Start of Data for analysis
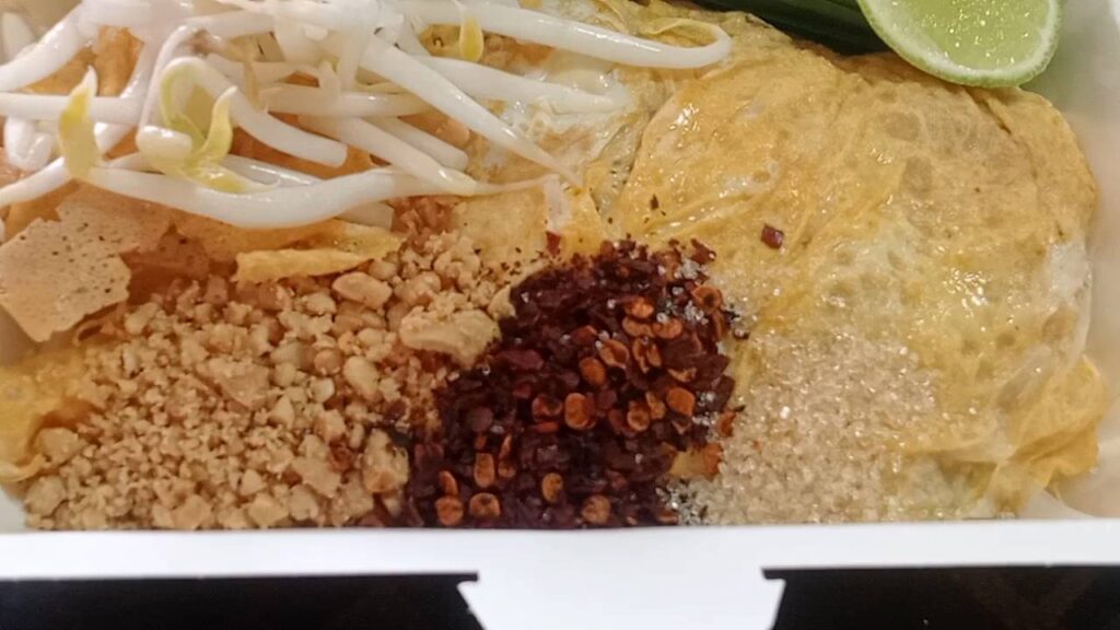 ผัดไทยเมนูเด็ดอย่างของทางร้าน สูตรเราไม่ใส่มันกุ้ง แต่ใช้สูตรห่อไข่ ห่อด้วยเส้นเอาไว้ทั้งหมด ชาวต่างชาติ ชาวไทย ทุกเทศทุกวัยชอบมาก มาทานที่ร้านอยู่เรื่อยๆ
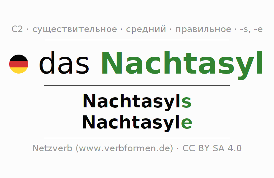 - Множественное число: die Nachtasyle, der Nachtasyle, den Nachtasylen, die Nachtasyle
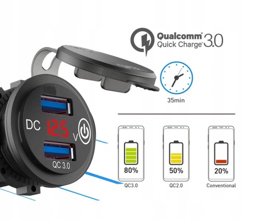 Ładowarka motocyklowa 2x QC3.0 + WOLTOMIERZ + dotykowy przycisk:
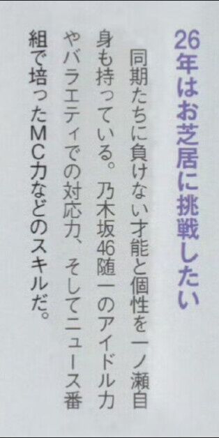 一ノ瀬美空「今年はお芝居に挑戦したい」 2026/1/24 乃木坂46まとめ 乃木りんく " " 1: 名無し46 2026/01/21(水) 17:10:34.92 ID:BGr0P ちなみに池田も言ってる 続きを読む Source: 乃木坂46まとめ 乃木りんく
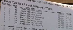 תוצאות מירוץ מספר 1 אליפות ישראל 2012 גלילות
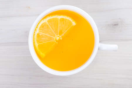 Cup of lemon tea with ginger. On a white wooden table. Top View.
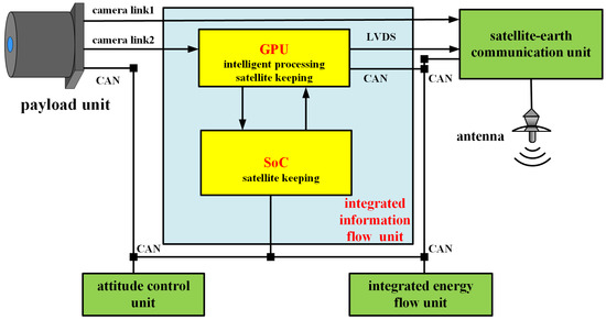 Figure 5 shows the hardware architecture of the integrated information flow. The information flow is interacted through CAN bus and satellite affairs, measurement, navigation and other functions are controlled through integrated information flow unit. The imaging of remote sensing payload unit is adjusted by integrated energy flow unit and attitude control unit, and then remote sensing images are transmitted to GPU and satellite-ground communication unit through camera link respectively. Target patches and information processed by GPU are transmitted to the satellite-ground communication unit through LVDS and then satellite-ground communication unit transmits these data to the ground receiver by antenna. The micro-nano satellite needs to choose the type of data (images or patches and information) with the limitation of the downlink capability.
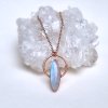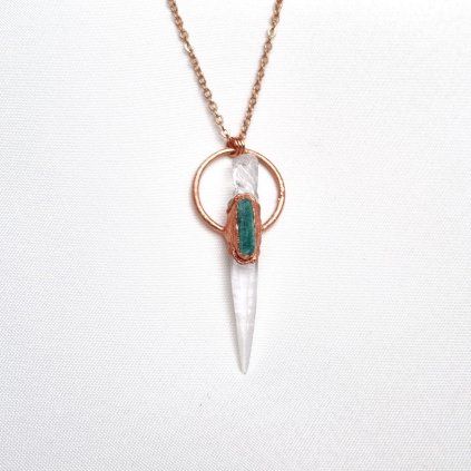 Tento šperk spojuje oboustranně ukončený krystal zeleného hiddenitu – vzácného drahokamu otevírajícího srdce – s jemnou energií měsíčního kamene, odvěkého průvodce ženské duše....
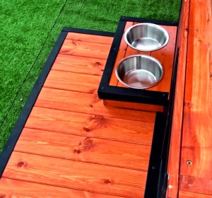 Massiver Holzhalter für Hundenäpfe- und Tränken.
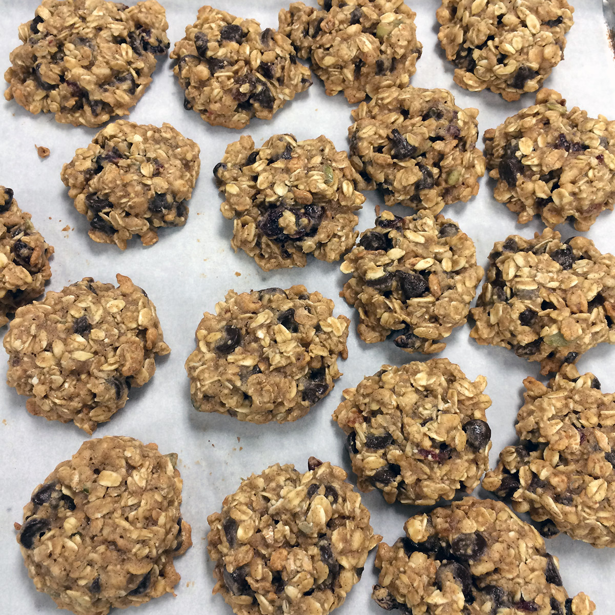 That brought me to my second favorite cookie: oatmeal raisin. I could make an oatmeal-type cookie that's healthier than the typical butter-and-sugar-filled version. Fill it with whole grains, nuts, and dried fruit – perfection.
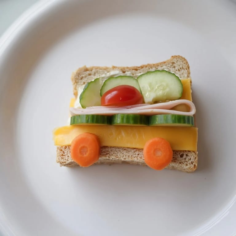 - Decoration & Wheels: 4 round cucumber slices, 4 grape tomatoes or black olives, 2 baby carrots, 1 sheet nori or spinach tortilla (for windshield/trim optional)
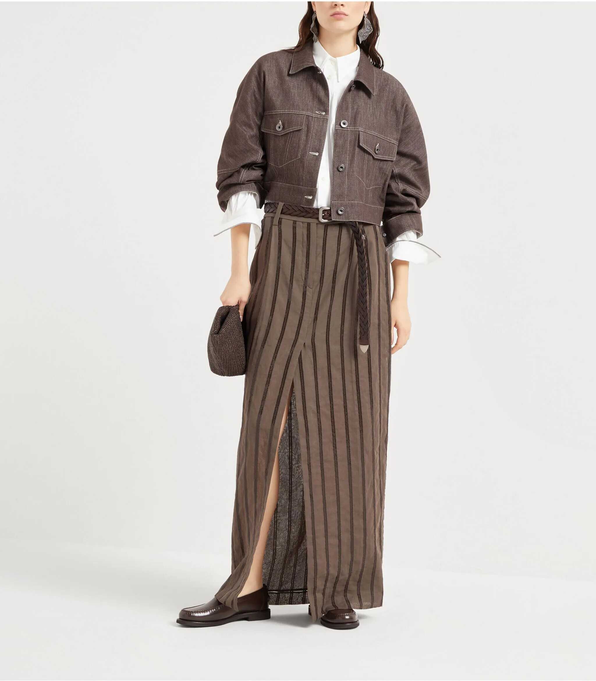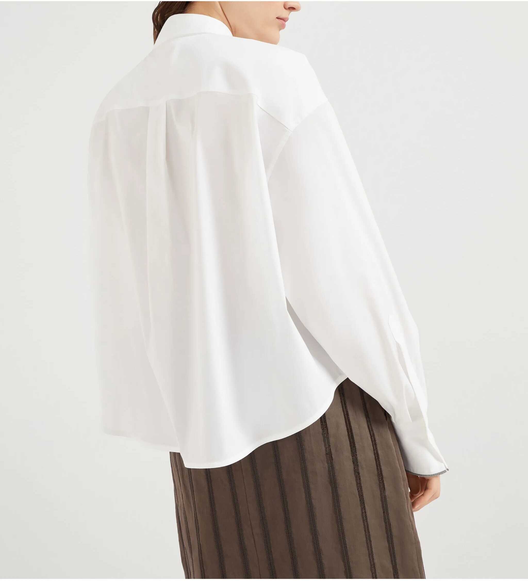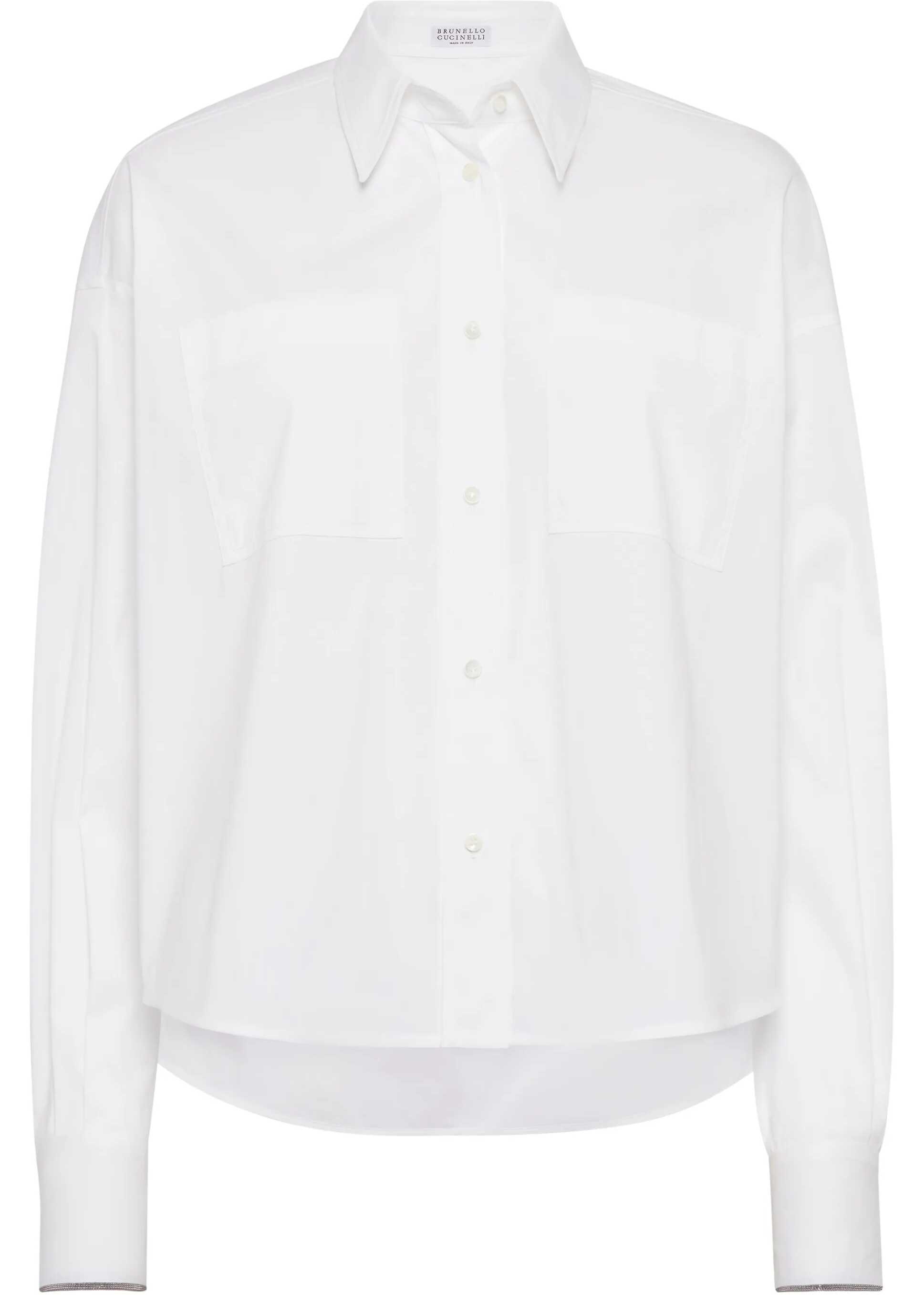 Brunello Cucinelli's cotton Shirt is a sophisticated and contemporary piece. It features a classic collar and front button closure, ideal for an elegant yet versatile look. The two patch welt pockets on the front offer a practical and elegant touch, while the adjustable button cuffs, embellished with iconic appliqué shiny jewels, add an understated luxury detail. The curved hem and oversized fit give a relaxed, modern look perfect for creating a casual-chic, stylish and fashionable look.
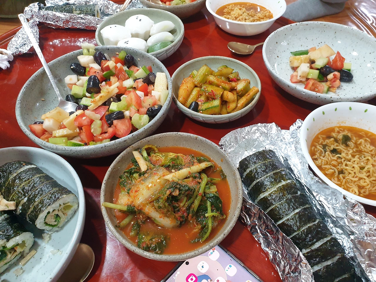 보라선원에서 싸온 김밥과 라면
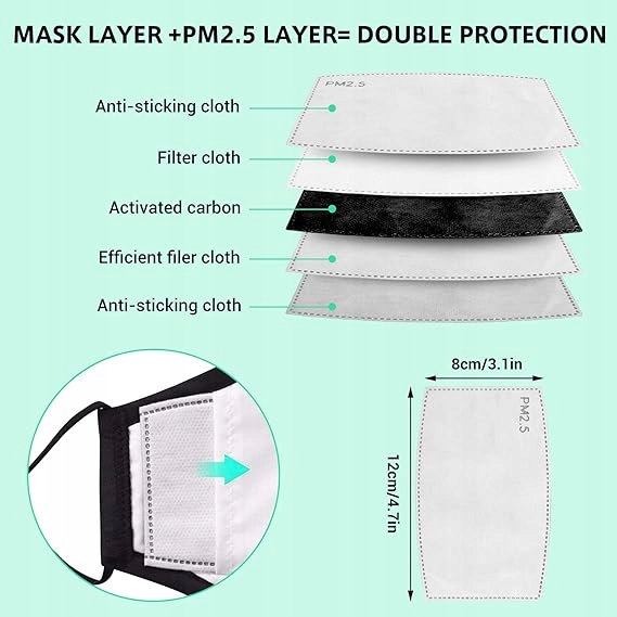 - С 4 дополнительными фильтрами. 5-слойный фильтр состоит из 2 слоев не-ПП. тканый материал, 2 слоя нетканого материала, полученного экструзией с раздувом из расплава, и 1 слой активированного угля, который помогает предотвратить попадание пыли и других мелких частиц. блокируют переносимые по воздуху загрязняющие вещества, такие как пыльца, пыль, мелкие частицы, растительное масло, пассивное курение, неприятный газ и т. д.
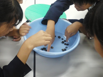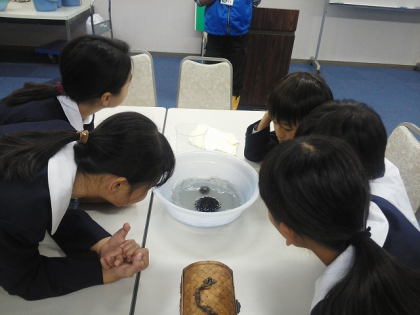 ウニやヤドカリの特性を見て聞いてさわって,体験しながら学習しました。
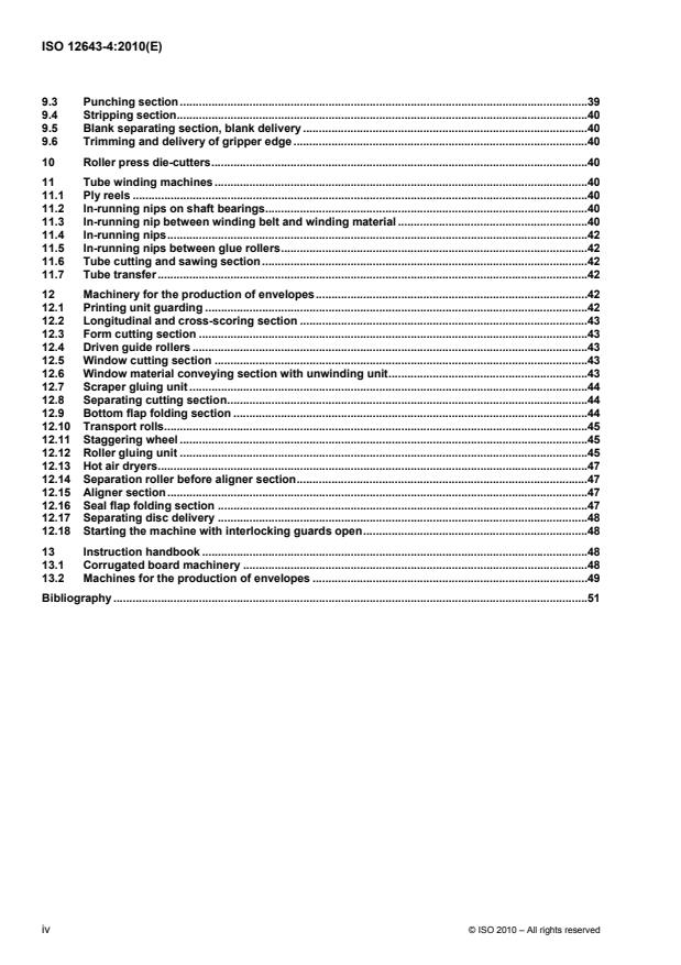 ISO 12643-4:2010 is a standard published by the International Organization for Standardization (ISO). Its full title is "Graphic technology - Safety requirements for graphic technology equipment and systems - Part 4: Converting equipment and systems". This standard covers: ISO 12643-4:2010 provides safety requirements for the design and construction of converting equipment used in the package printing, converting and graphic technology industries. It is applicable to converting equipment, not covered by other parts of ISO 12643. It is intended to be used in conjunction with the general requirements given in ISO 12643-1.
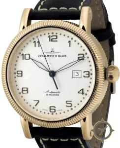Eine Pilot-Uhr gefertigt aus Gold mit einem Zifferblatt in weiß und einer besonderen "smooth"-Oberfläche.
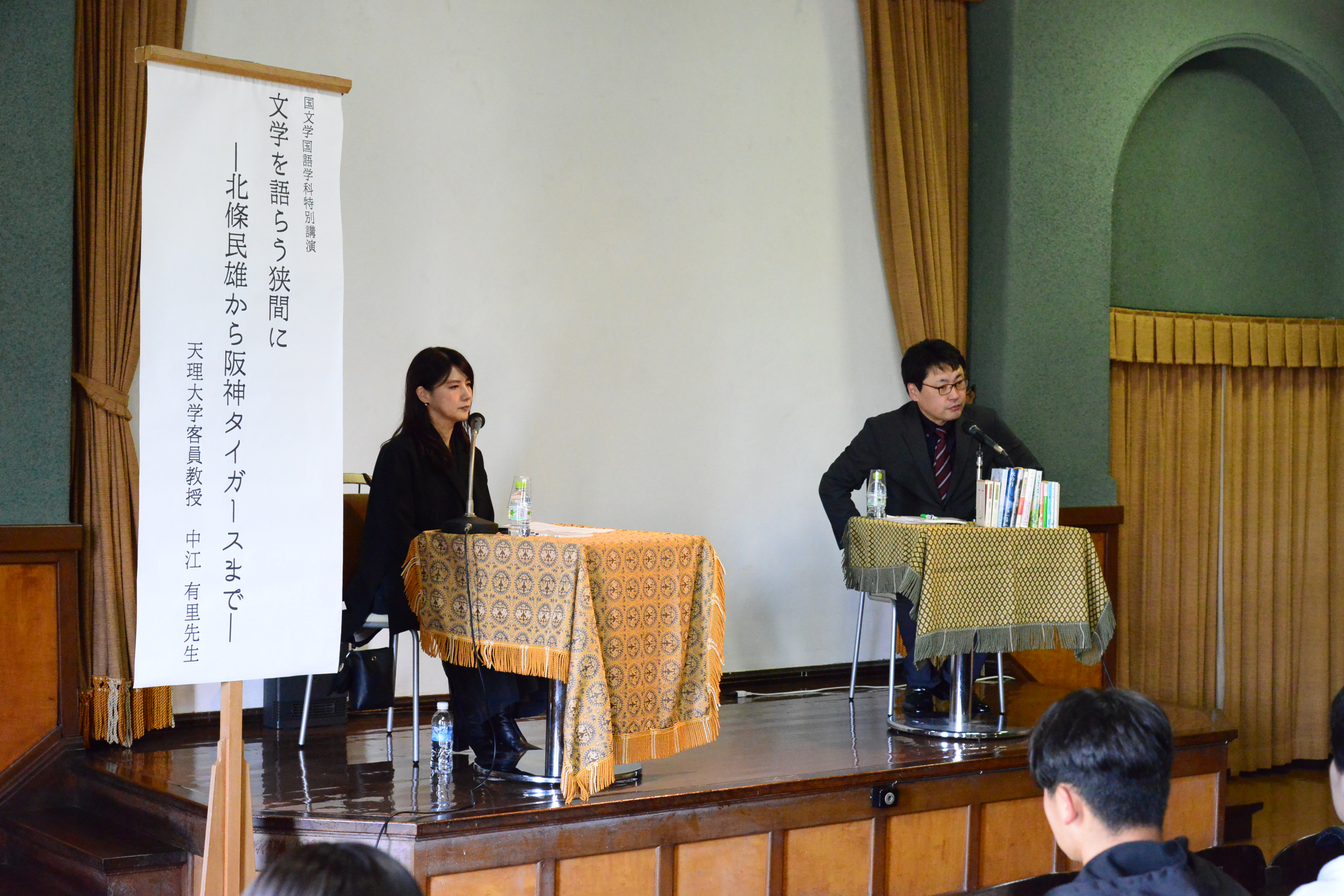 11月12日、天理大学付属天理図書館2階講堂にて、天理大学客員教授である中江有里(女優/作家/歌手)氏が「文学を語らう狭間に―北條民雄から阪神タイガースまで―」と題した特別講演を行いました。今年度は中村晋吾国文学国語学科准教授との対談を中心とする内容でした。
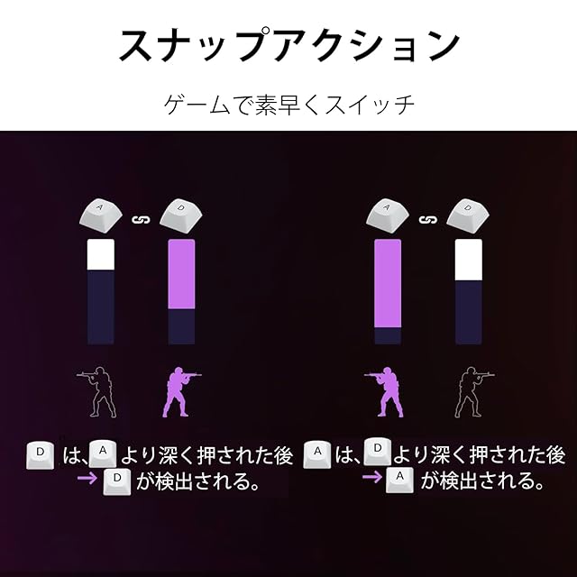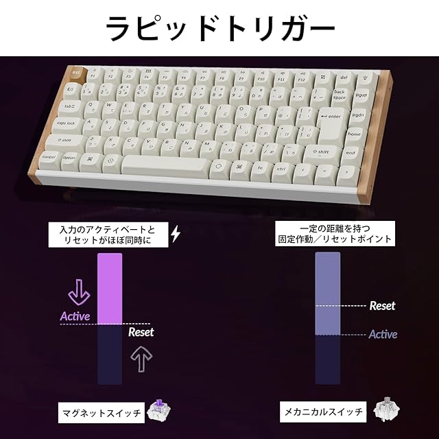 【ラピッドトリガー:瞬時の反応でゲームに勝利】 キーの移動量に応じてリアルタイムで反応するラピッドトリガー機能を搭載。キーのアクティベーションとリセットをリアルタイムに感知し、正確かつ瞬時の応答を実現。激しいゲームプレイでも競争優位を獲得します。
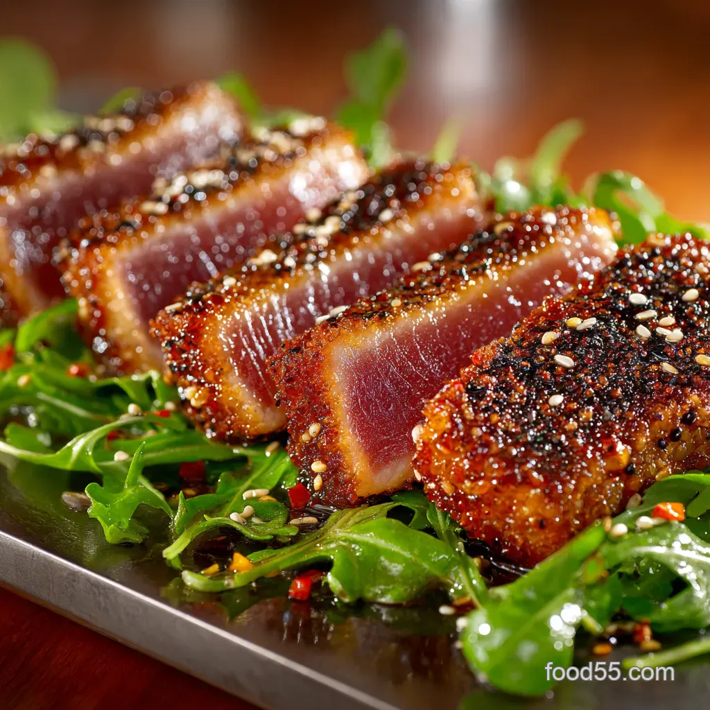 It’s also a Toasted Sesame Crusted Tuna Steak vibe. If you like sushi textures, try the Sushi grade Tuna Seared Rare Recipe route.
End of Data for analysis
# Directions for this task:
Copy the records above from the first line through the line containing "תוצאות מירוץ מספר 1 אליפות ישראל 2012 גלילות", both included, and leave out any pictures.

# Answer to this problem:
 ผัดไทยเมนูเด็ดอย่างของทางร้าน สูตรเราไม่ใส่มันกุ้ง แต่ใช้สูตรห่อไข่ ห่อด้วยเส้นเอาไว้ทั้งหมด ชาวต่างชาติ ชาวไทย ทุกเทศทุกวัยชอบมาก มาทานที่ร้านอยู่เรื่อยๆ
 - Множественное число: die Nachtasyle, der Nachtasyle, den Nachtasylen, die Nachtasyle
 Ładowarka motocyklowa 2x QC3.0 + WOLTOMIERZ + dotykowy przycisk:
 一ノ瀬美空「今年はお芝居に挑戦したい」 2026/1/24 乃木坂46まとめ 乃木りんく " " 1: 名無し46 2026/01/21(水) 17:10:34.92 ID:BGr0P ちなみに池田も言ってる 続きを読む Source: 乃木坂46まとめ 乃木りんく
 תוצאות מירוץ מספר 1 אליפות ישראל 2012 גלילות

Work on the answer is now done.